You are viewing a plain text version of this content. The canonical link for it is here.
Posted to dev@jena.apache.org by xristy <gi...@git.apache.org> on 2018/03/15 19:20:44 UTC

[GitHub] jena pull request #385: defined filters and tokenizers for ConfigurableAnaly...

GitHub user xristy opened a pull request:

    https://github.com/apache/jena/pull/385

    defined filters and tokenizers for ConfigurableAnalyzer

    This PR implements [JENA-1506](https://issues.apache.org/jira/browse/JENA-1506). See the issue for details.

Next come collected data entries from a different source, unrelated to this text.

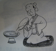 그릇의 손잡이로 다른 그릇에 물을 따르는 모양이다.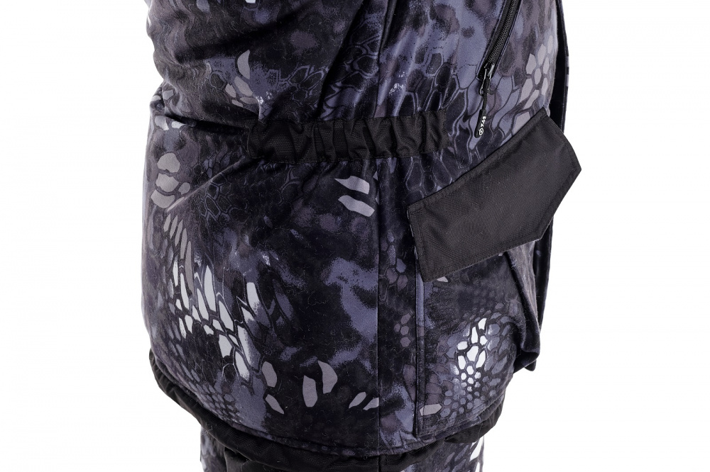 Удлиненная куртка собрана в области талии по бокам на кулисы с резинками. Низ куртки регулируется шнуром с фиксаторами по бокам. Также препятствуют проникновению холода двойная ветрозащитная планка.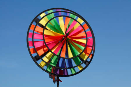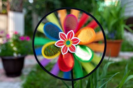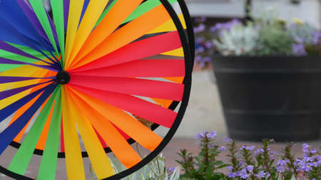 Colorful pinwheel spinning, weather wind vane, garden decoration in USA. Rainbow symbol of childhood, fantasy and imagination rotating. Multi colored spiral toy turning in breeze. Summertime dreaming.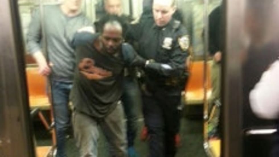 Four Swedish police officers took a break from their New York vacation to answer the call of duty Wednesday, breaking up an out-of-control fight between two homeless men on a Manhattan subway train.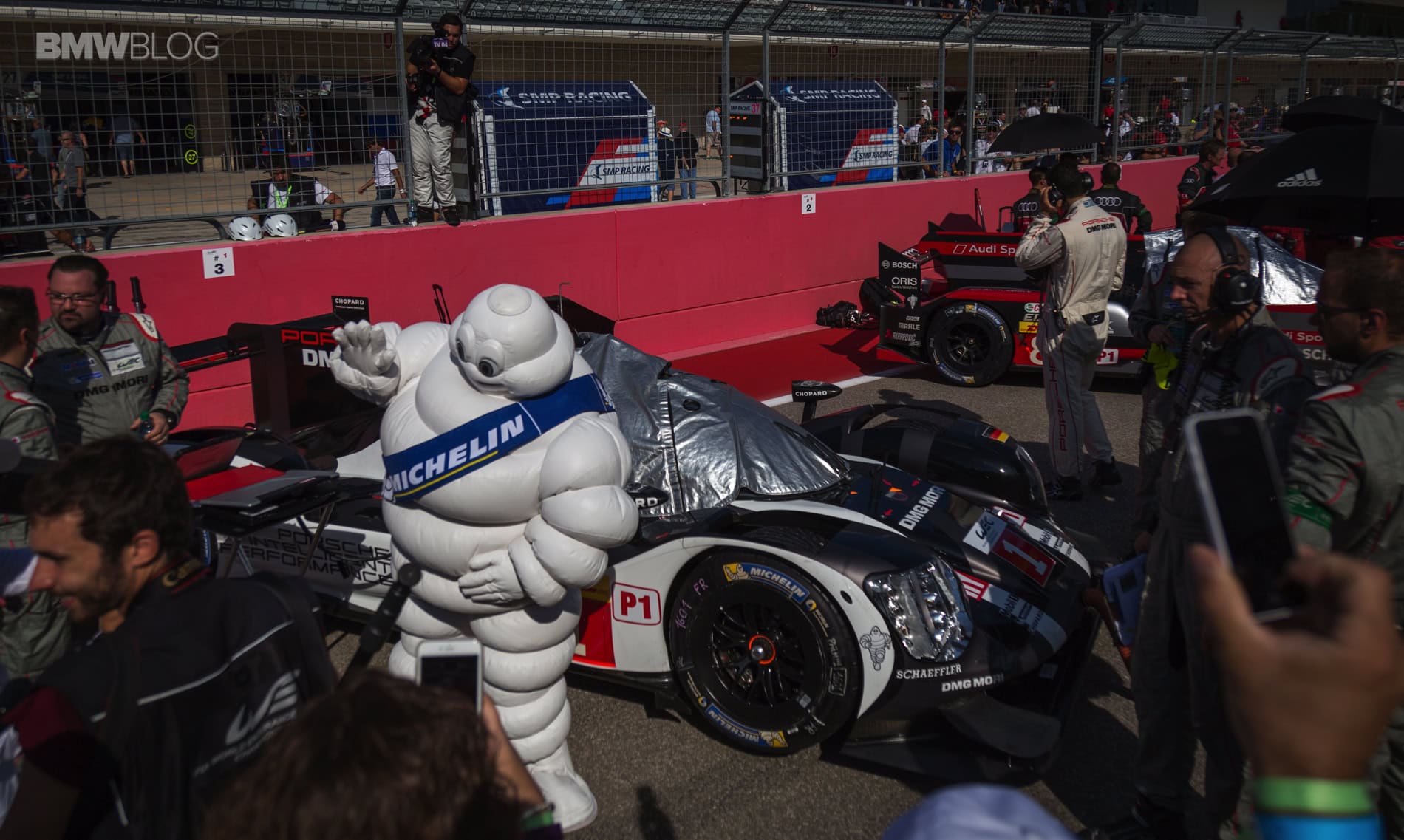When we arrived at COTA, there were golf carts waiting to transport us to the suites overlooking the main straight. Michelin had reserved a large VIP suite right above pit lane with every amenity that you could wish for, including a masseuse! First on the schedule was private meet-&-greets with BMW Motorsport veteran Bill Auberlen in the BMW Team RLL paddock and Porsche Motorsport in their LMP1 garage.

You can merge this pull request into a Git repository by running:

    $ git pull https://github.com/BuddhistDigitalResourceCenter/jena JENA-1506-PR

Alternatively you can review and apply these changes as the patch at:

    https://github.com/apache/jena/pull/385.patch

To close this pull request, make a commit to your master/trunk branch
with (at least) the following in the commit message:

    This closes #385
    
----
commit 795b9eb7cb45999c1d884bcd84c83896a498ed87
Author: Chris Tomlinson <ct...@...>
Date:   2018-03-15T19:12:53Z

    Merged JENA-1506-definedFilters

----


---

[GitHub] jena issue #385: defined filters and tokenizers for ConfigurableAnalyzer

Posted by rvesse <gi...@git.apache.org>.
Github user rvesse commented on the issue:

    https://github.com/apache/jena/pull/385
  
    Btw as you are now a committer you can follow the instructions at https://reference.apache.org/committer/github to get added to the Apache GitHub org so you'll show up as `Member` and not just as `Contributor` on here


---

[GitHub] jena issue #385: defined filters and tokenizers for ConfigurableAnalyzer

Posted by ajs6f <gi...@git.apache.org>.
Github user ajs6f commented on the issue:

    https://github.com/apache/jena/pull/385
  
    Hey, @xristy, you want to push instead to the `master` branch at Apache:
    
    https://git-wip-us.apache.org/repos/asf/jena.git


---

[GitHub] jena issue #385: defined filters and tokenizers for ConfigurableAnalyzer

Posted by rvesse <gi...@git.apache.org>.
Github user rvesse commented on the issue:

    https://github.com/apache/jena/pull/385
  
    Looks like a really nice extension to the current machinery!
    
    I notice there is a unit test for the assembler support but no unit tests for using some of these new features, would it be possible to include some of those to verify that this actually allows addressing the use cases that led to this PR?
    
    One other thought is whether the explicit param type definitions are necessary for the simpler cases (integer, boolean) or whether we could just rely on literal datatypes to reduce the verbosity of the configuration for those simpler cases?  For the complex cases like sets, token streams, analysers etc then explicit types makes total sense.


---

[GitHub] jena pull request #385: defined filters and tokenizers for ConfigurableAnaly...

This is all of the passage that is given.